- _TASK GOAL_:
The whole listing, apart from its images, should be restated word for word.

- _EXERCISE MATERIALS_:
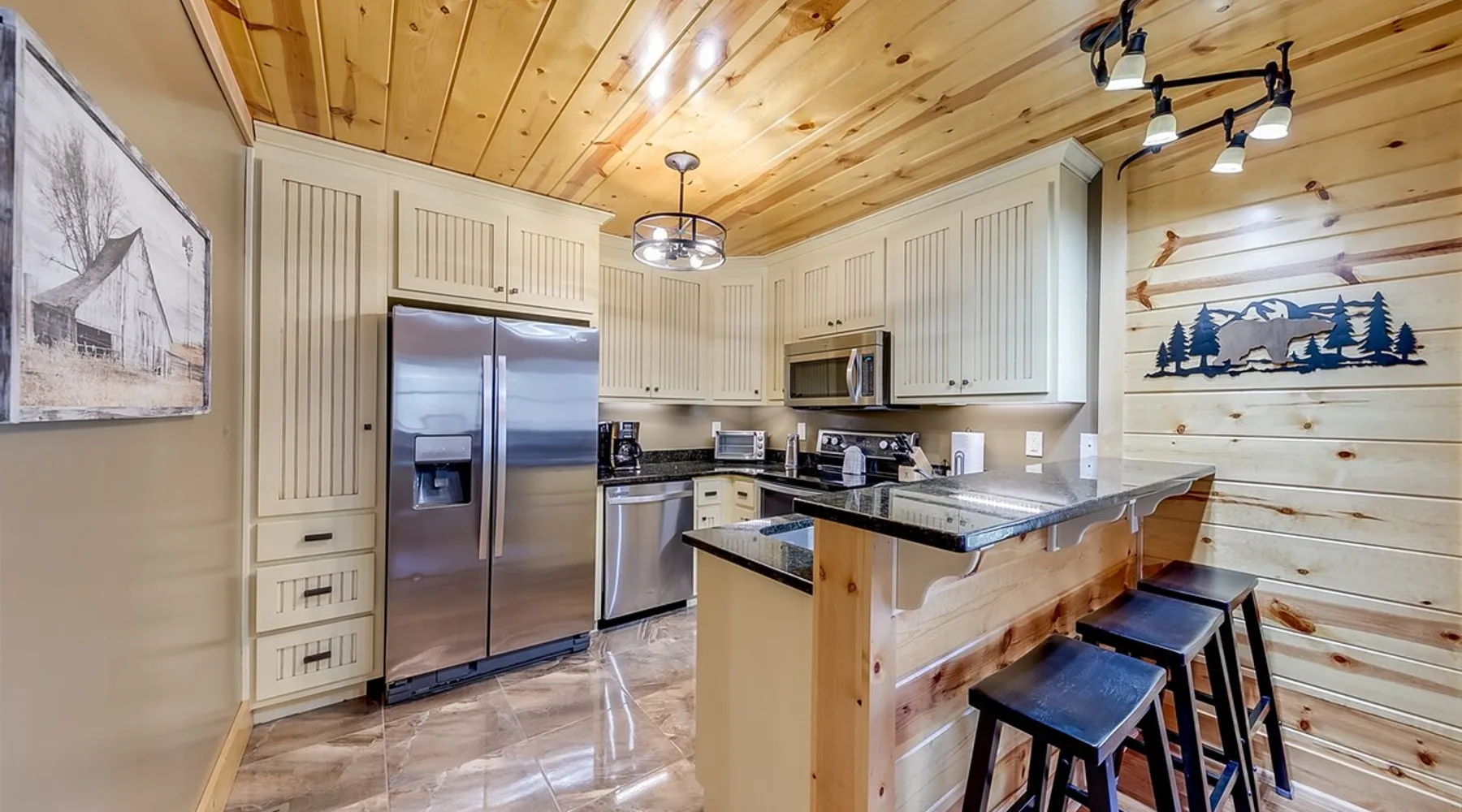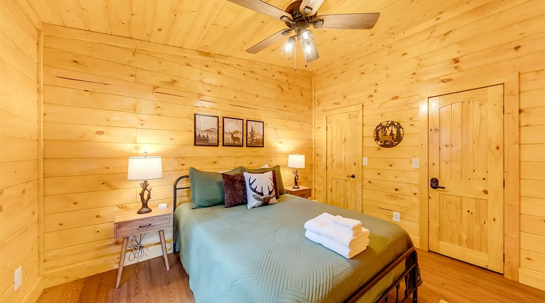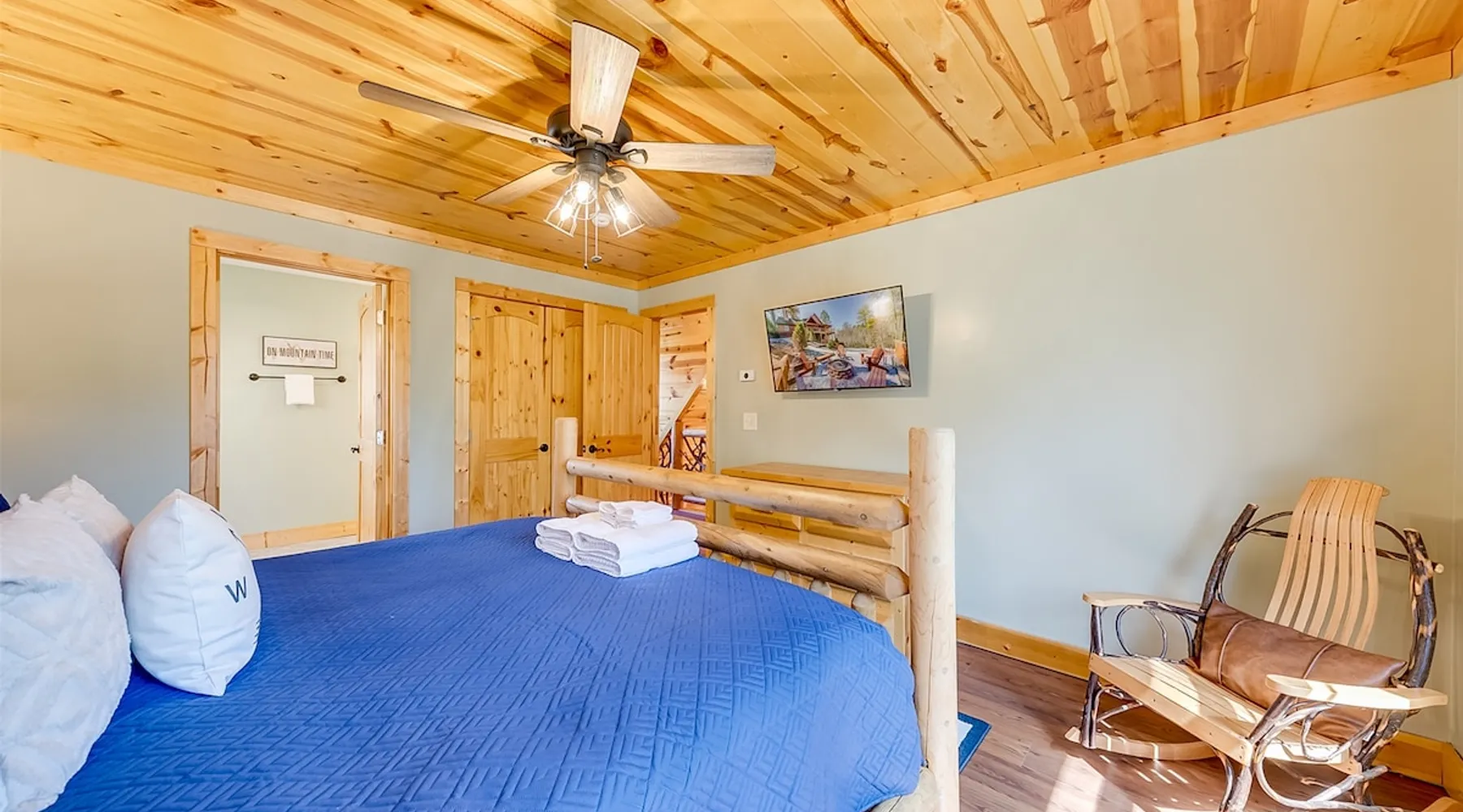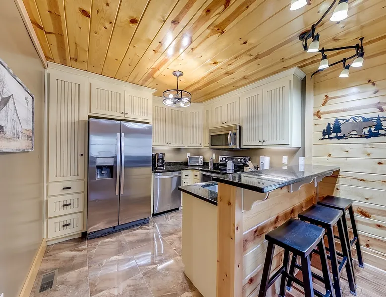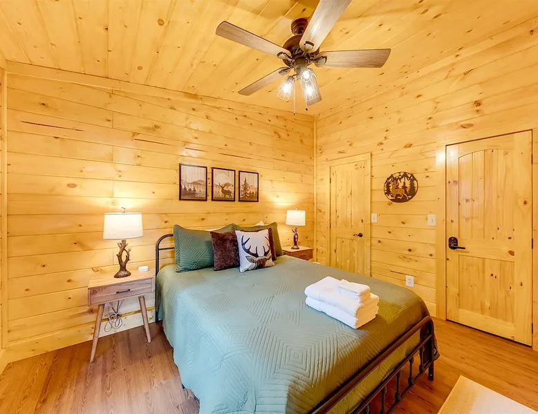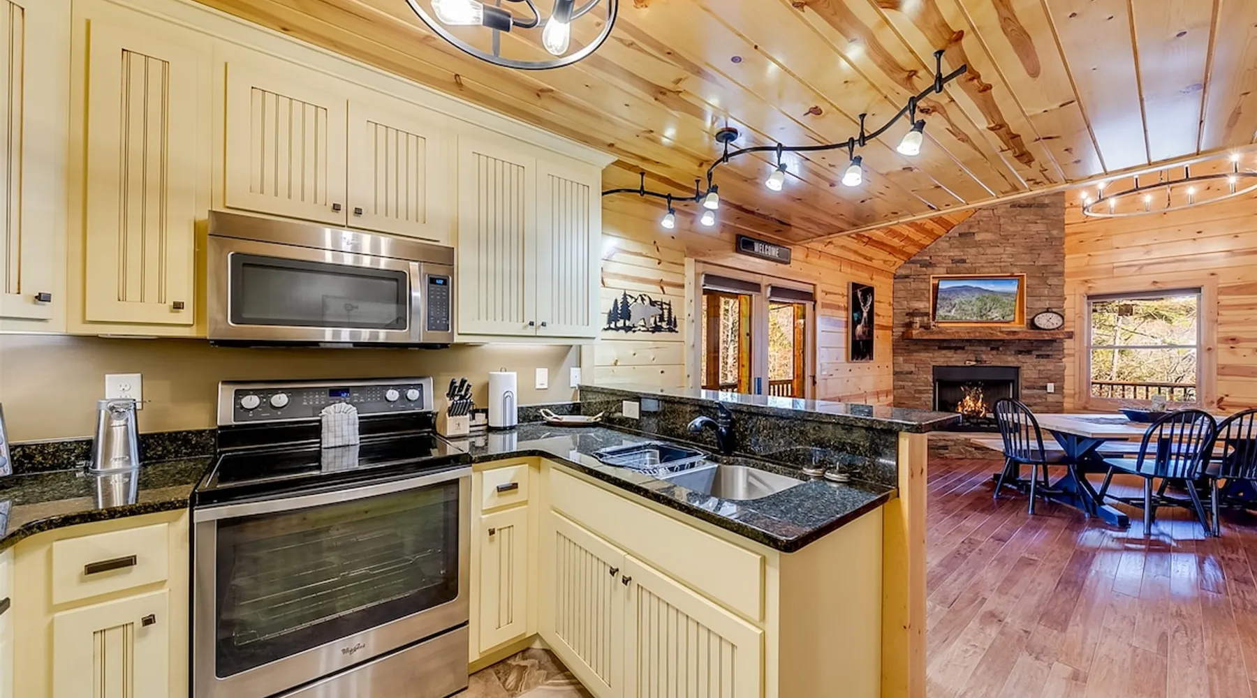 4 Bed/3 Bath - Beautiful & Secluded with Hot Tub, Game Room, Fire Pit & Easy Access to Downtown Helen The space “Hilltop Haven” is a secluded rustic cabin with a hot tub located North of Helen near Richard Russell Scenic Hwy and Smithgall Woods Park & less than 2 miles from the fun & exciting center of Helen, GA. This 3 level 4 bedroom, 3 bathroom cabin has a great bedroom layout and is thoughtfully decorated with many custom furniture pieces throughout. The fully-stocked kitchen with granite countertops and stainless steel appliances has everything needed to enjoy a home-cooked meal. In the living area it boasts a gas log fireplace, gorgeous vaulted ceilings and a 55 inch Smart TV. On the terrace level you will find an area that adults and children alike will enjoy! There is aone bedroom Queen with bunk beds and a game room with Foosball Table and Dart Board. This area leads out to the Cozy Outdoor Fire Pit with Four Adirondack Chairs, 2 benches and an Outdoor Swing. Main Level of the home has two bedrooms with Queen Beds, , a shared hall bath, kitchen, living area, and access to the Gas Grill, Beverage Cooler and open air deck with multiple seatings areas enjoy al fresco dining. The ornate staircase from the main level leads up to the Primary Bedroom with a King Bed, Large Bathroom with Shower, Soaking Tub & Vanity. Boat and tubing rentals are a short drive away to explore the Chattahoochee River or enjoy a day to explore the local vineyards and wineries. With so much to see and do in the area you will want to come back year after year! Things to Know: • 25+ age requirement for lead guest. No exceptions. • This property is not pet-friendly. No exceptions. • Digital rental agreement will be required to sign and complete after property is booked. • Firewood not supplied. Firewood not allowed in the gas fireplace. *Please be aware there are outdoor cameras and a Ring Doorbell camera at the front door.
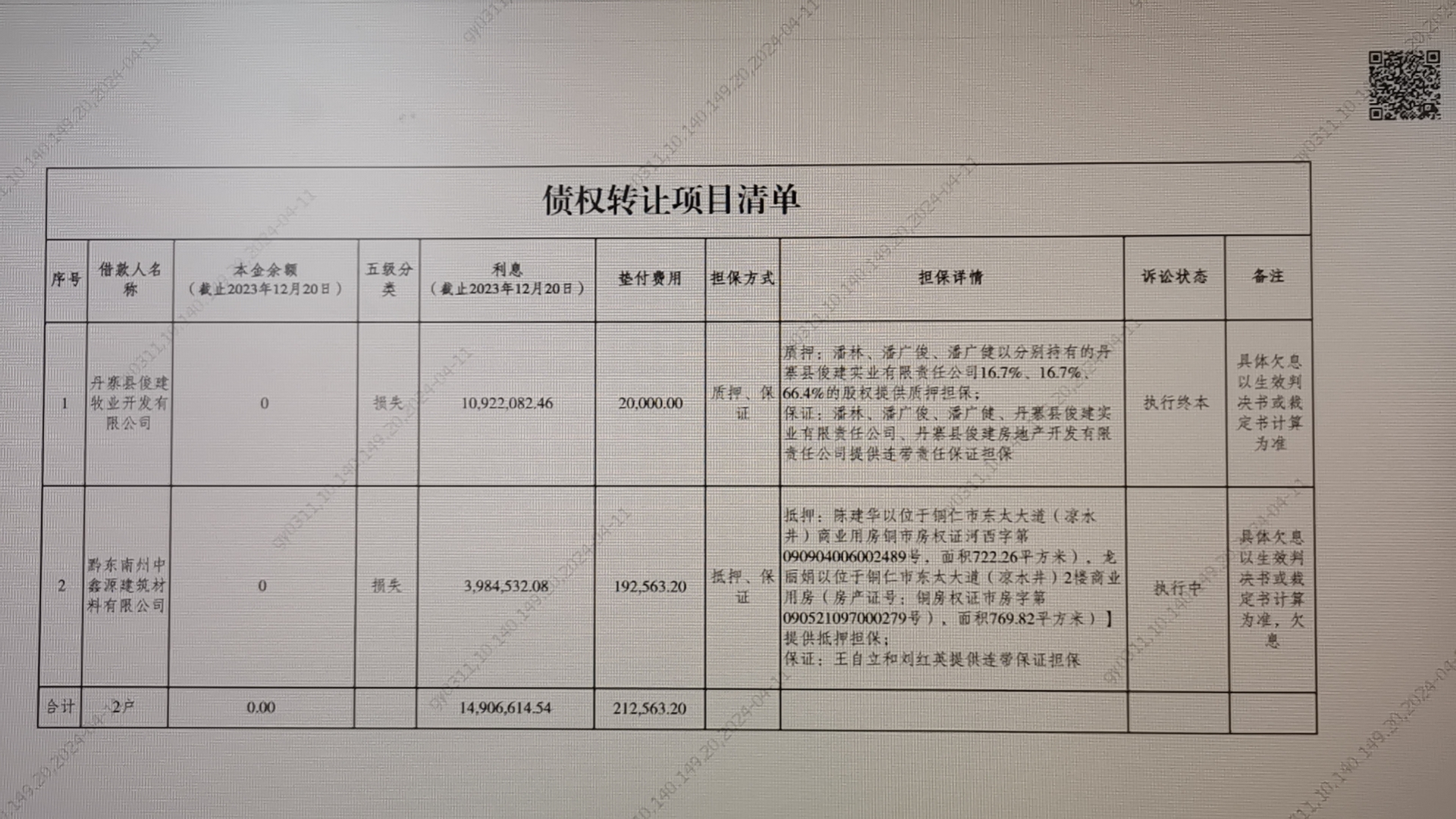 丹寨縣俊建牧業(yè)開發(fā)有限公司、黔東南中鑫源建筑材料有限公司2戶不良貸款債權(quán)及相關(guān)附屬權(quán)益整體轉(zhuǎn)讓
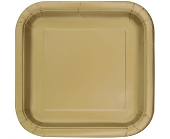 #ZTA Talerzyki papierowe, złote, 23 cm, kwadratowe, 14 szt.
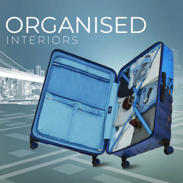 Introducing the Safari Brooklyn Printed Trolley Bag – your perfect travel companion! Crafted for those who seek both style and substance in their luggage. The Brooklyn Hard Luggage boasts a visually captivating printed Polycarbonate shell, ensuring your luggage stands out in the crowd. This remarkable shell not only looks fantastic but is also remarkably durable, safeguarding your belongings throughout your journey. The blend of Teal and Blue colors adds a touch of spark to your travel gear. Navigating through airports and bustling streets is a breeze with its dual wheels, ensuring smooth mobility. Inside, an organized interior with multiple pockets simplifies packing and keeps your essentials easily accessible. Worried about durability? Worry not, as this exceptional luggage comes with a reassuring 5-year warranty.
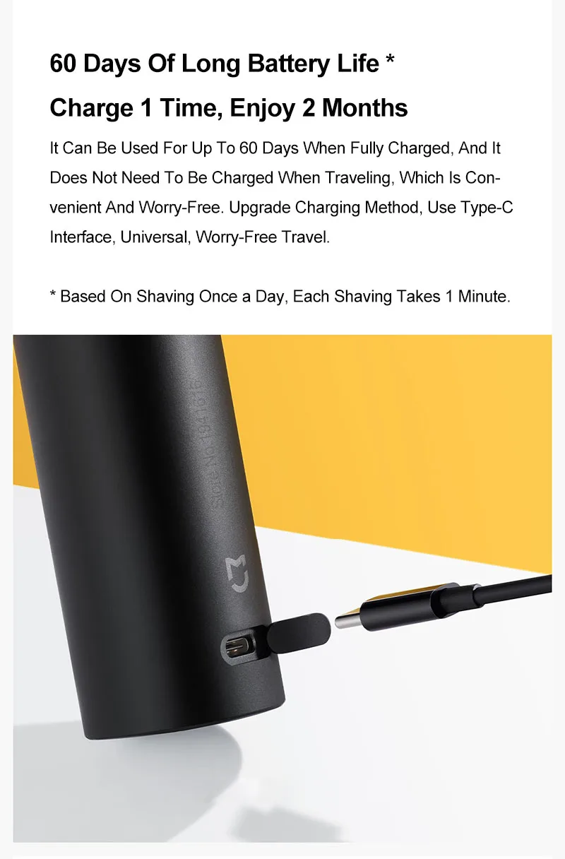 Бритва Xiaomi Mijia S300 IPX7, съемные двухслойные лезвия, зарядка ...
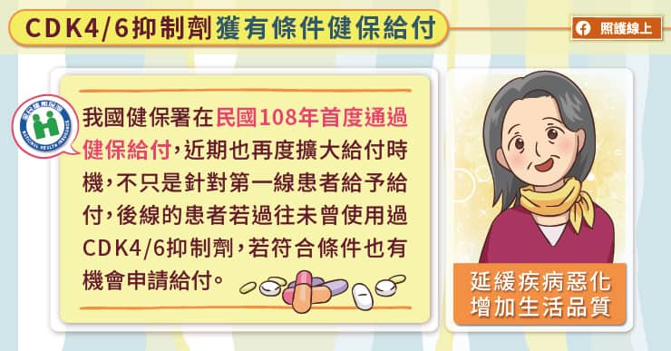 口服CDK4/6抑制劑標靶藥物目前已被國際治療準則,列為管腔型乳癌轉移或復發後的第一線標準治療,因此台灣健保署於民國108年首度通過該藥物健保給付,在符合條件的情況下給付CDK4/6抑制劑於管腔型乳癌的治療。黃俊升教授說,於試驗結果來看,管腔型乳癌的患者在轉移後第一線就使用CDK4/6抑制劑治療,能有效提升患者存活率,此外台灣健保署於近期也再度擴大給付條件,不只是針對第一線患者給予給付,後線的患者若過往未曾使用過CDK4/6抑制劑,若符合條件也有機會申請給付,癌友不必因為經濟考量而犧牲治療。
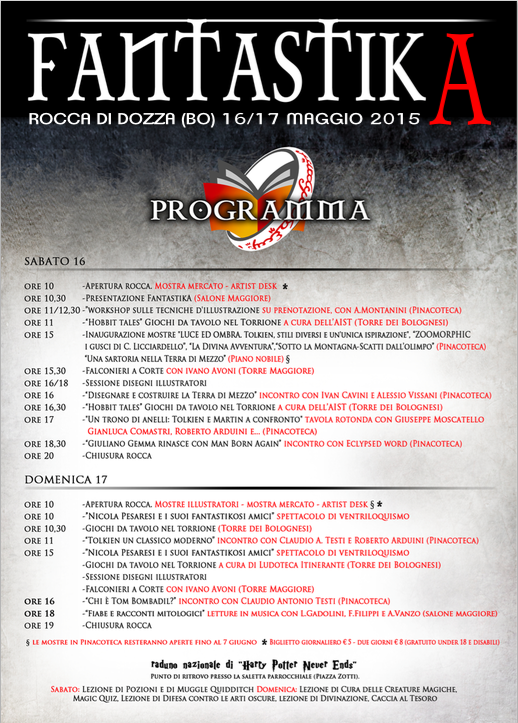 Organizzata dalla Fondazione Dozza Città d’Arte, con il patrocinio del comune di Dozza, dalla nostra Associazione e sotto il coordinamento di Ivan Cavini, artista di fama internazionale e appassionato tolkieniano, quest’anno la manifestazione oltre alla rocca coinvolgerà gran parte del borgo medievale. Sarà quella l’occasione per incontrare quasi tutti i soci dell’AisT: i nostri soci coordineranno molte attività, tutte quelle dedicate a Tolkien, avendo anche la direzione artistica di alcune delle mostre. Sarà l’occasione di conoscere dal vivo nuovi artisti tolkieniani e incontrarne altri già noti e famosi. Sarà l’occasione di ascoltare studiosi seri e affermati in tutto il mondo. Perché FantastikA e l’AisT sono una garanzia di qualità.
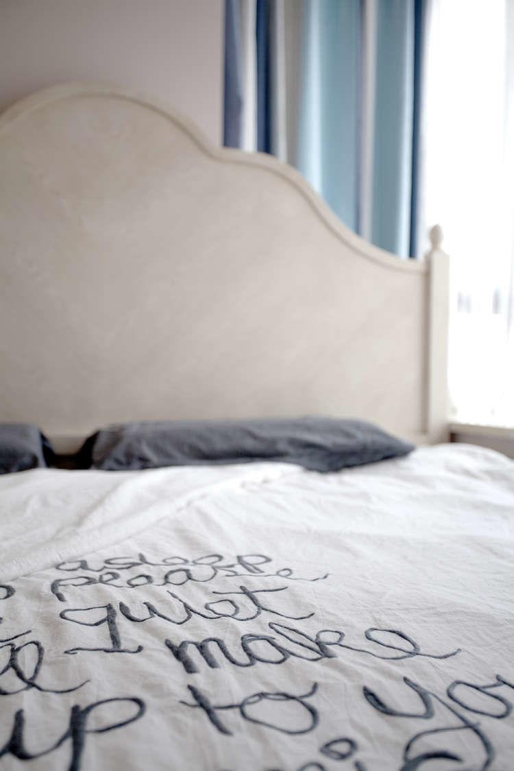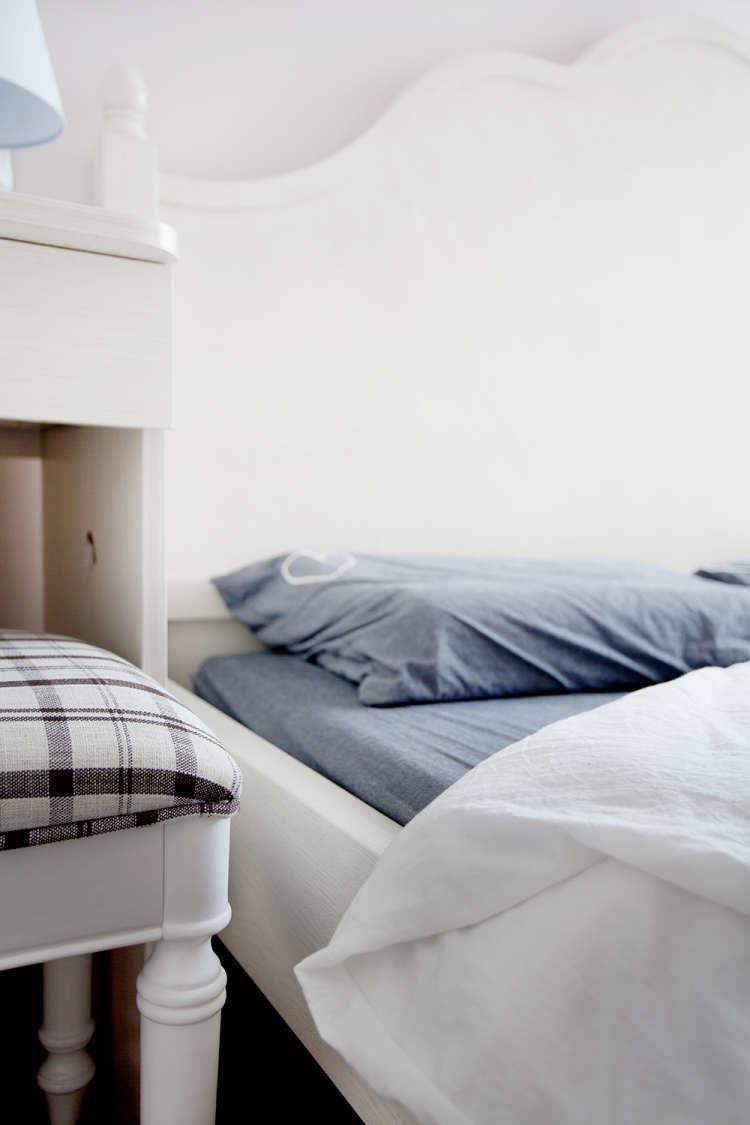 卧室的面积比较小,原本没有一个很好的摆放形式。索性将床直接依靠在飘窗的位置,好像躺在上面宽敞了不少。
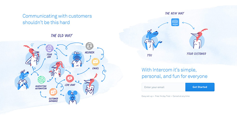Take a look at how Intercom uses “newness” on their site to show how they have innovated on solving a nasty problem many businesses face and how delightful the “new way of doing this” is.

- _OUTPUT OF THE TASK_:
 4 Bed/3 Bath - Beautiful & Secluded with Hot Tub, Game Room, Fire Pit & Easy Access to Downtown Helen The space “Hilltop Haven” is a secluded rustic cabin with a hot tub located North of Helen near Richard Russell Scenic Hwy and Smithgall Woods Park & less than 2 miles from the fun & exciting center of Helen, GA. This 3 level 4 bedroom, 3 bathroom cabin has a great bedroom layout and is thoughtfully decorated with many custom furniture pieces throughout. The fully-stocked kitchen with granite countertops and stainless steel appliances has everything needed to enjoy a home-cooked meal. In the living area it boasts a gas log fireplace, gorgeous vaulted ceilings and a 55 inch Smart TV. On the terrace level you will find an area that adults and children alike will enjoy! There is aone bedroom Queen with bunk beds and a game room with Foosball Table and Dart Board. This area leads out to the Cozy Outdoor Fire Pit with Four Adirondack Chairs, 2 benches and an Outdoor Swing. Main Level of the home has two bedrooms with Queen Beds, , a shared hall bath, kitchen, living area, and access to the Gas Grill, Beverage Cooler and open air deck with multiple seatings areas enjoy al fresco dining. The ornate staircase from the main level leads up to the Primary Bedroom with a King Bed, Large Bathroom with Shower, Soaking Tub & Vanity. Boat and tubing rentals are a short drive away to explore the Chattahoochee River or enjoy a day to explore the local vineyards and wineries. With so much to see and do in the area you will want to come back year after year! Things to Know: • 25+ age requirement for lead guest. No exceptions. • This property is not pet-friendly. No exceptions. • Digital rental agreement will be required to sign and complete after property is booked. • Firewood not supplied. Firewood not allowed in the gas fireplace. *Please be aware there are outdoor cameras and a Ring Doorbell camera at the front door.
 丹寨縣俊建牧業(yè)開發(fā)有限公司、黔東南中鑫源建筑材料有限公司2戶不良貸款債權(quán)及相關(guān)附屬權(quán)益整體轉(zhuǎn)讓
 #ZTA Talerzyki papierowe, złote, 23 cm, kwadratowe, 14 szt.
 Introducing the Safari Brooklyn Printed Trolley Bag – your perfect travel companion! Crafted for those who seek both style and substance in their luggage. The Brooklyn Hard Luggage boasts a visually captivating printed Polycarbonate shell, ensuring your luggage stands out in the crowd. This remarkable shell not only looks fantastic but is also remarkably durable, safeguarding your belongings throughout your journey. The blend of Teal and Blue colors adds a touch of spark to your travel gear. Navigating through airports and bustling streets is a breeze with its dual wheels, ensuring smooth mobility. Inside, an organized interior with multiple pockets simplifies packing and keeps your essentials easily accessible. Worried about durability? Worry not, as this exceptional luggage comes with a reassuring 5-year warranty.
 Бритва Xiaomi Mijia S300 IPX7, съемные двухслойные лезвия, зарядка ...
 口服CDK4/6抑制劑標靶藥物目前已被國際治療準則,列為管腔型乳癌轉移或復發後的第一線標準治療,因此台灣健保署於民國108年首度通過該藥物健保給付,在符合條件的情況下給付CDK4/6抑制劑於管腔型乳癌的治療。黃俊升教授說,於試驗結果來看,管腔型乳癌的患者在轉移後第一線就使用CDK4/6抑制劑治療,能有效提升患者存活率,此外台灣健保署於近期也再度擴大給付條件,不只是針對第一線患者給予給付,後線的患者若過往未曾使用過CDK4/6抑制劑,若符合條件也有機會申請給付,癌友不必因為經濟考量而犧牲治療。
 Organizzata dalla Fondazione Dozza Città d’Arte, con il patrocinio del comune di Dozza, dalla nostra Associazione e sotto il coordinamento di Ivan Cavini, artista di fama internazionale e appassionato tolkieniano, quest’anno la manifestazione oltre alla rocca coinvolgerà gran parte del borgo medievale. Sarà quella l’occasione per incontrare quasi tutti i soci dell’AisT: i nostri soci coordineranno molte attività, tutte quelle dedicate a Tolkien, avendo anche la direzione artistica di alcune delle mostre. Sarà l’occasione di conoscere dal vivo nuovi artisti tolkieniani e incontrarne altri già noti e famosi. Sarà l’occasione di ascoltare studiosi seri e affermati in tutto il mondo. Perché FantastikA e l’AisT sono una garanzia di qualità.
 卧室的面积比较小,原本没有一个很好的摆放形式。索性将床直接依靠在飘窗的位置,好像躺在上面宽敞了不少。
Take a look at how Intercom uses “newness” on their site to show how they have innovated on solving a nasty problem many businesses face and how delightful the “new way of doing this” is.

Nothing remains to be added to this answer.